**EXERCISE INSTRUCTIONS**
Please copy exactly the part of the records below that opens with the line containing "Keywords: pelican bird" and closes with the line containing "倒入盆里之后的水要满过肉和菜", leaving out any pictures.

**DATA EXTRACTS**
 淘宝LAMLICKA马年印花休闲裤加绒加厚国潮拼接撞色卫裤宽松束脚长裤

---

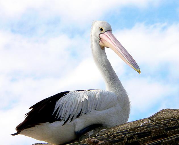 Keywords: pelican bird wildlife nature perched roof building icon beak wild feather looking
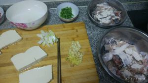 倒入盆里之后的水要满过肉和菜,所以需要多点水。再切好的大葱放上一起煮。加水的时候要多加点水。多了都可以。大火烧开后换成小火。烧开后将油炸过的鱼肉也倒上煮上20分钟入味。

**COMPLETED TASK**
 Keywords: pelican bird wildlife nature perched roof building icon beak wild feather looking
 倒入盆里之后的水要满过肉和菜,所以需要多点水。再切好的大葱放上一起煮。加水的时候要多加点水。多了都可以。大火烧开后换成小火。烧开后将油炸过的鱼肉也倒上煮上20分钟入味。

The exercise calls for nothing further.